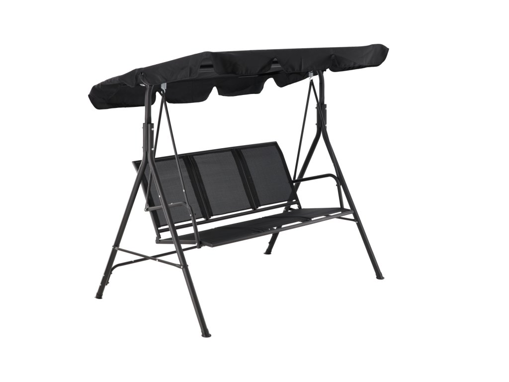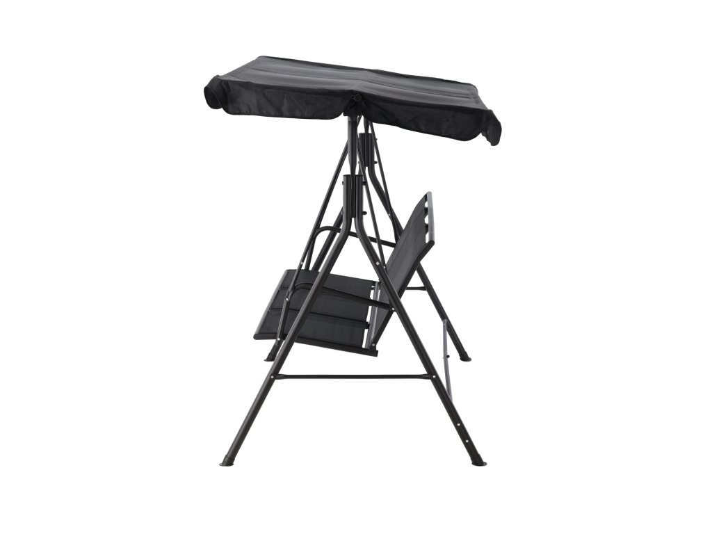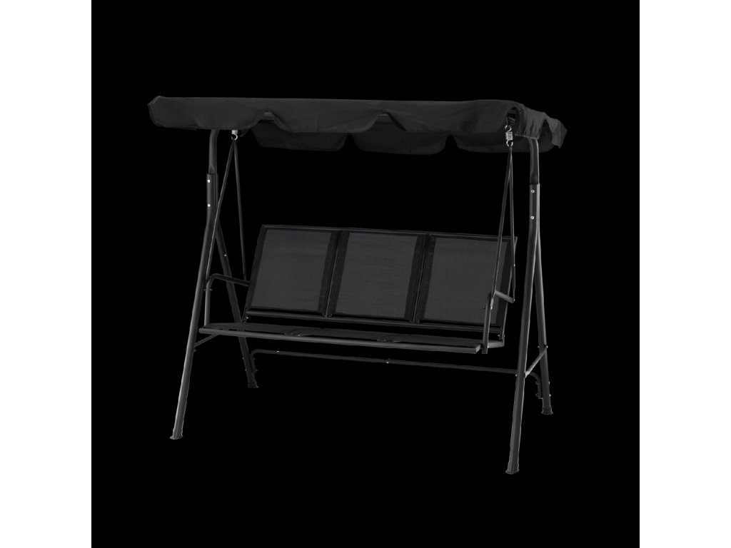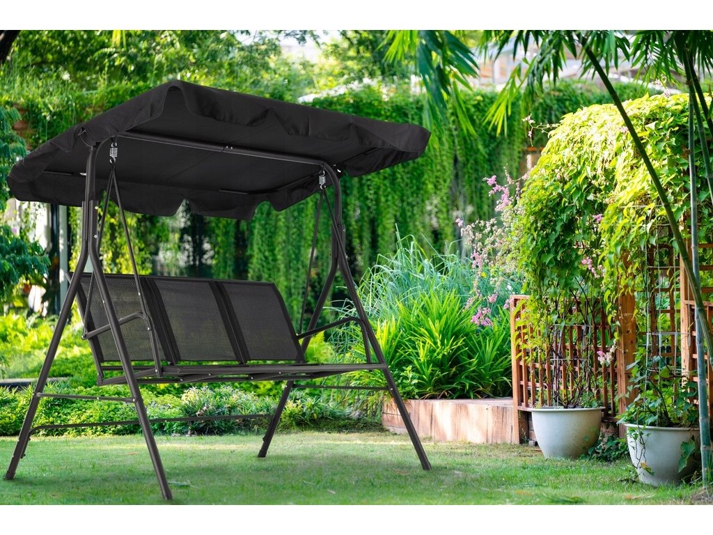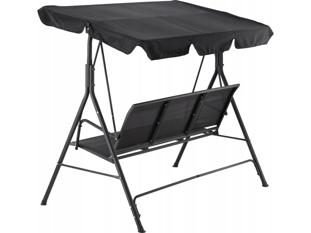 Elegantna in udobna vrtna hujačka, idealna za sprostitev na prostem. Opremljena z veliko nastavljivo streho, ki ščiti pred soncem, in trpežnim sedežem iz materiala tekstilene, odpornega na vremenske vplive. Stabilna jeklena konstrukcija in obešanje na kovinskih vzmeteh zagotavljajo udobje pri uporabi in dolgo življenjsko dobo.
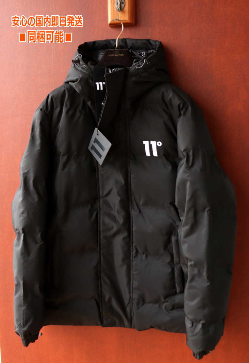 新品 正規品■イタリア11° 黒 中綿 軽量 コート L【 黒 L~XL 】メンズ ジャケット セレブ フェイク-ダウン フード ブラック 防寒 アウター
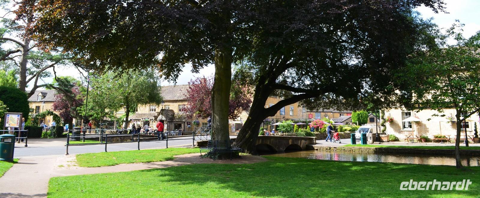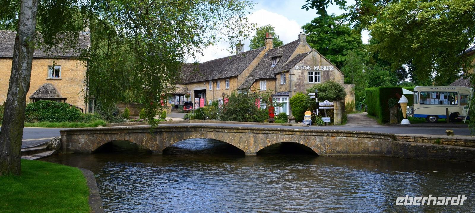 Der kleine reizende Ort Bourton on the Water ist unser Ziel - und ein sehr lohnendes. Mit den hübschen gelben Sandsteinhäusern und dem von vielen kleinen Brücken überspannten ruhigen Bachlauf.
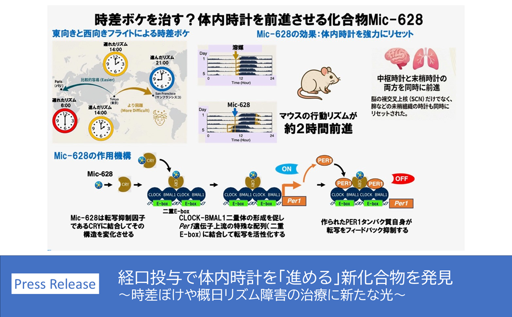 #研究成果 2026.01.26 経口投与で体内時計を「進める」新化合物を発見 「朝起きるのがつらい」「海外旅行の時差ぼけを早く治したい」——そんな願いを叶える鍵は、私たちの細胞にある『時計遺伝子』が握っています。ゲノム編集技術開発ユニットの高畑佳史准教授、金沢大学の程肇名誉教授…… 詳しくみる
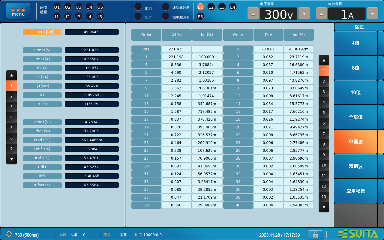 可同时对所有7个功率通道进行谐波分析测量,并且可以选择不同的PLL源,大大提高了在变频电机、机器人、照明等领域的谐波测量效率。测量的谐波次数最多可达500次。
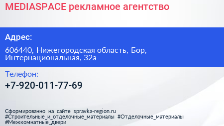 MEDIASPACE, рекламное агентство по адресу 606440, Нижегородская область, Бор, Интернациональная, 32а в дальнейшем Организация, размещена в следующих категориях:
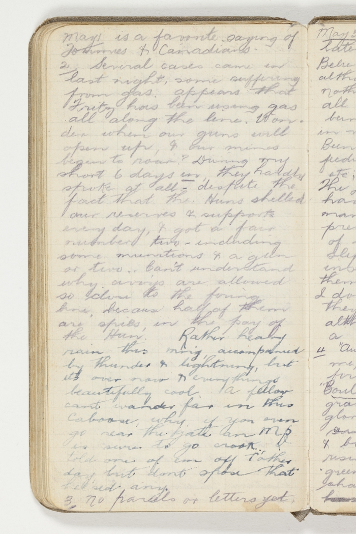 2 Several cases came in last night, some suffering from gas. Appears that Fritz has been using gas all along the line. Wonder when our guns will open up, & our mines begin to roar? During my short 6 days in, they hardly spoke at all – despite the fact that the Huns shelled our reserves & supports every day, & got a fair number two – including some munitions & a gun or two. Can't understand why civies are allowed so close to the firing line, because half of them are spies, in the pay of the Hun. Rather heavy rain this mng, accompanied by thunder & lightening, but its over now & everythings beautifully cool. A fellow cant wander far in this Caboose, why, if you even go near the gate an MP is sure to go crook, & I told one of em off t'other day, but don't spose that helped any.
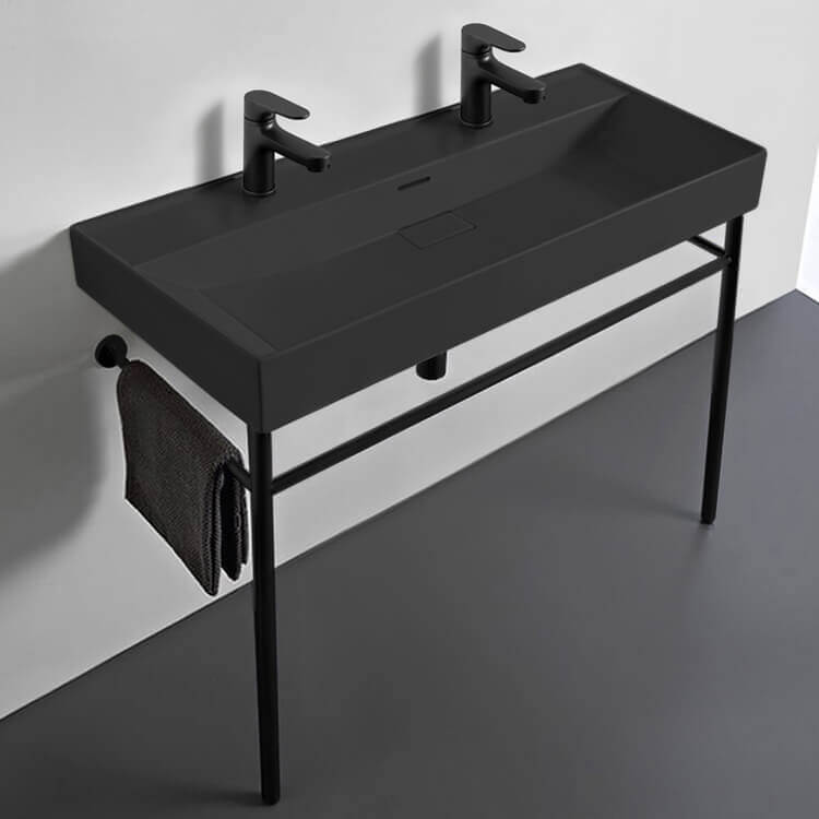 This uniquely stylish matte black ceramic console sink comes with a beautiful stand made of high-quality brass in a matte black finish to give a distinctive feel to any bathroom. Available in two hole option, this two piece trough sink is the perfect addition for your modern bathroom. Ceramic sink (Cerastyle 037607-U-97) is US and Canada standards approved (IAPMO, UPC/cUPC, ASME A112.19.2-2018/CSA B45.1-18).
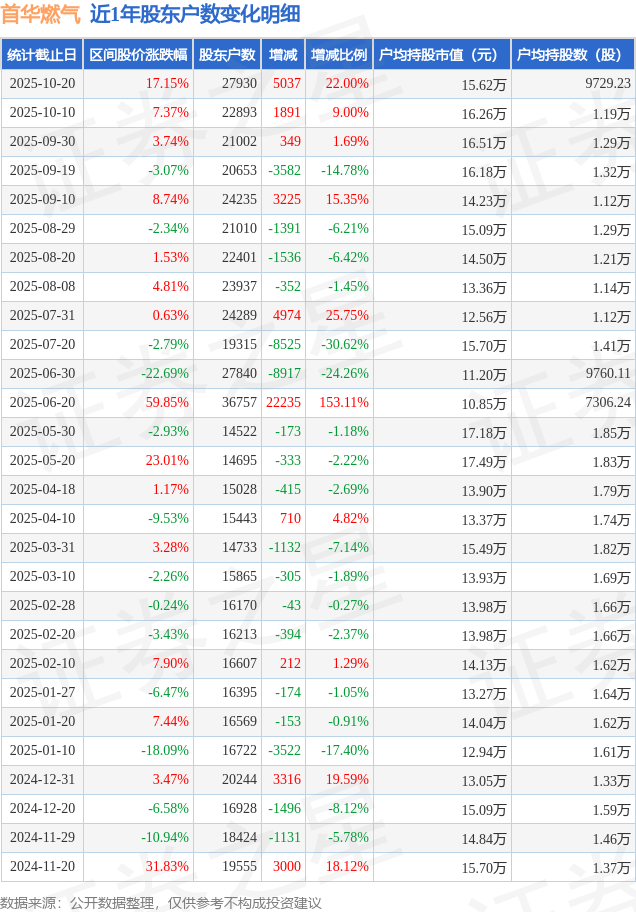 从股价来看,2025年10月10日至2025年10月20日,首华燃气区间涨幅为17.15%,在此期间股东户数增加5037.0户,增幅为22.0%。
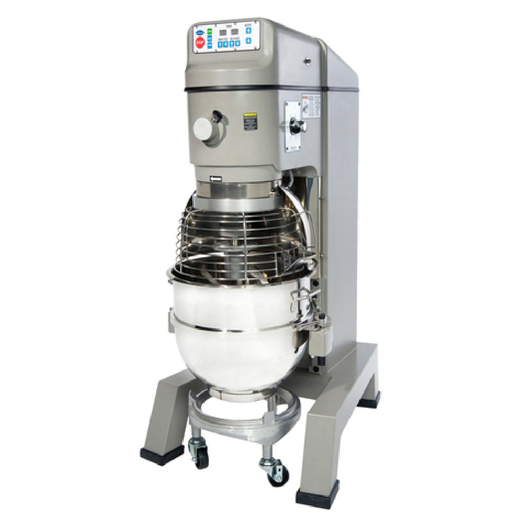 The Globe SP62P-41 (QUICK SHIP) Planetary Pizza Mixer Floor Model 4-speed (fixed) is a robust kitchen appliance designed for high-efficiency mixing in commercial environments. This mixer features a 60 qt. (57 liter) stainless steel bowl, ideal for handling large quantities of pizza dough. The unit is powered by a 3 HP motor with direct gear-driven technology, ensuring consistent performance and durability. Equipped with heat-treated hardened steel alloy gears and shafts, it provides reliable operation and longevity. The mixer includes a #12 attachment hub and comes with an aluminum spiral dough hook, flat beater, stainless steel whip, and an aluminum bowl truck, offering versatility for various mixing tasks. For safety and convenience, it features a safety interlocked 1/8 HP power bowl lift and a stainless steel removable bowl guard with a built-in ingredient chute. The front-mounted digital touchpad controls include a 60-minute digital timer with a last batch recall and auto-off function, enhancing operational efficiency. This mixer is built with a cast iron body and an enamel gray finish, supported by non-slip rubber feet for stability. It is NSF certified and cETLus listed, ensuring compliance with safety and sanitation standards. The Globe SP62P-41 is designed to ship within 1-2 days for prompt delivery.
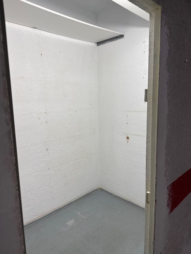 Espacio de almacenamiento adicional. - Paredes blancas texturizadas. - Suelo gris. - Estantería blanca en la parte superior. son aproximadamente 18 metros cúbicos
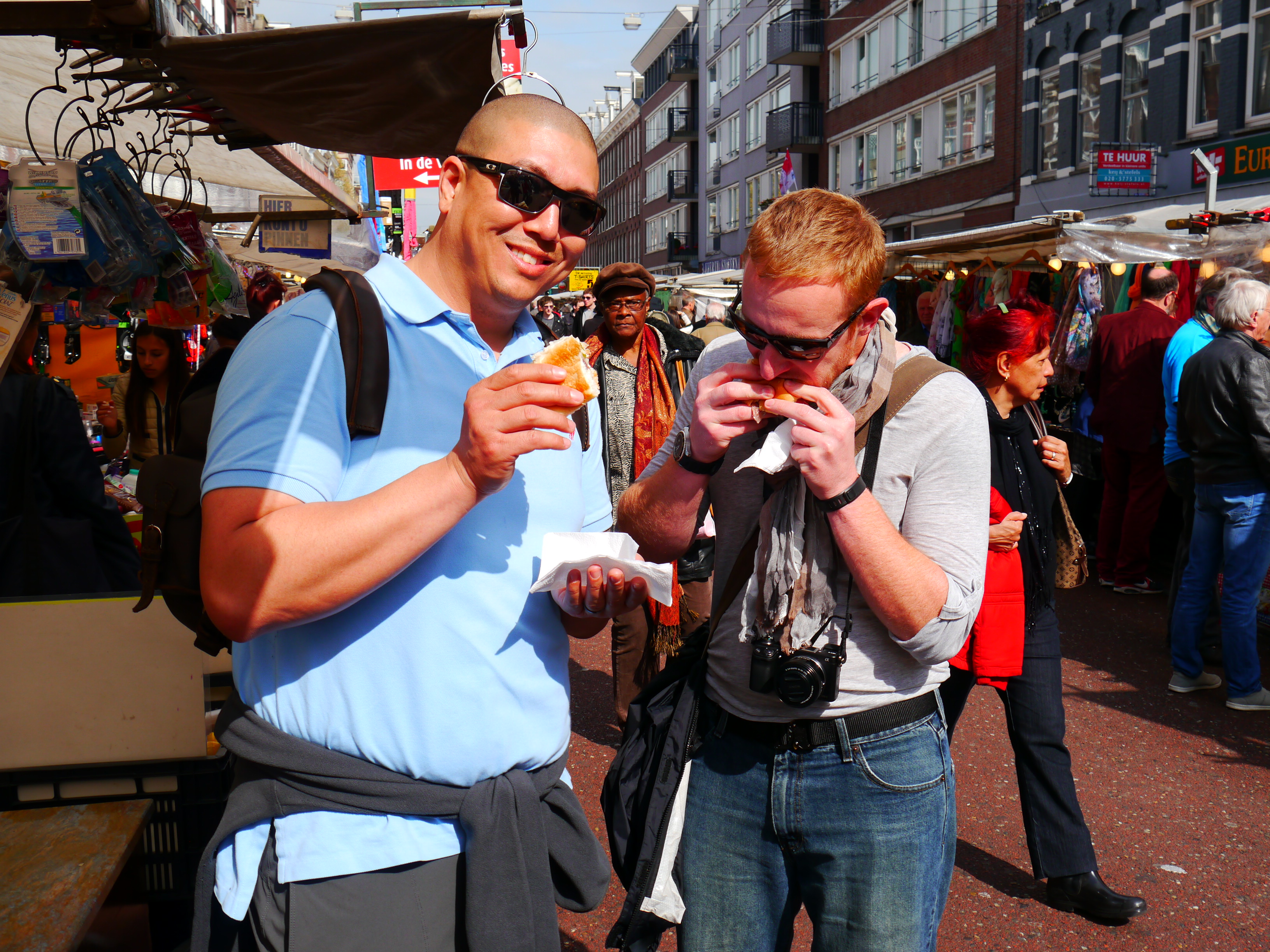 The afternoon was pretty wide open – perfect for exploring the markets around Amsterdam. However! Regardless of what your guidebook says, SKIP the Albert Cuypmarkt. Both Renee and I had it as a recommended market, and neither of us were sure why! It is one giant flea market, and not even a good one! The only highlight of that was watching John and Jake try to choke down the herring that Amsterdam is known for (FYI – both of them looked a little green after!)
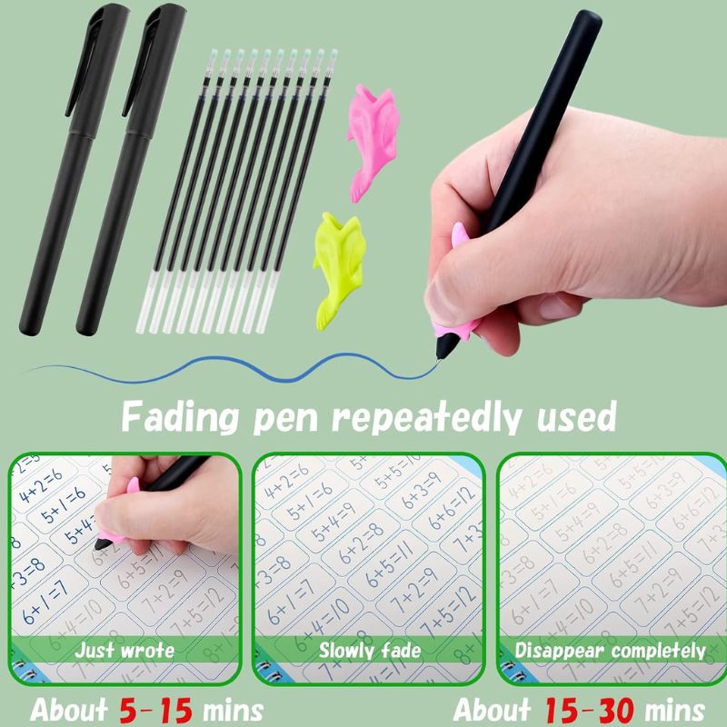 Reusable magic ink fades in 30 minutes, letting your child practice letters and numbers daily without waste or mess, getting ready for class with ease.
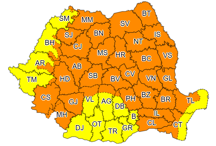 Avertizare cod portocaliu de vijelii, grindină şi averse pentru județul Cluj, transmit meteorologii în această după amiază. Conform ANM, joi, de la ora 16:25 până la
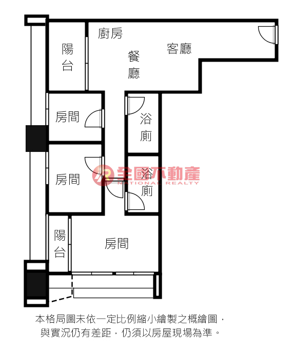※本格局圖係未依實際比例繪製之概繪圖。其比例、座向、格局、形狀等,仍須以房屋現場為準。

> [TASK TO CARRY OUT]
What belongs in the answer is each line above from the line with "可同时对所有7个功率通道进行" to the line with "MEDIASPACE, рекламное агентство", inclusive, reproduced exactly and free of pictures.

> [YOUR RESPONSE]
 可同时对所有7个功率通道进行谐波分析测量,并且可以选择不同的PLL源,大大提高了在变频电机、机器人、照明等领域的谐波测量效率。测量的谐波次数最多可达500次。
 MEDIASPACE, рекламное агентство по адресу 606440, Нижегородская область, Бор, Интернациональная, 32а в дальнейшем Организация, размещена в следующих категориях:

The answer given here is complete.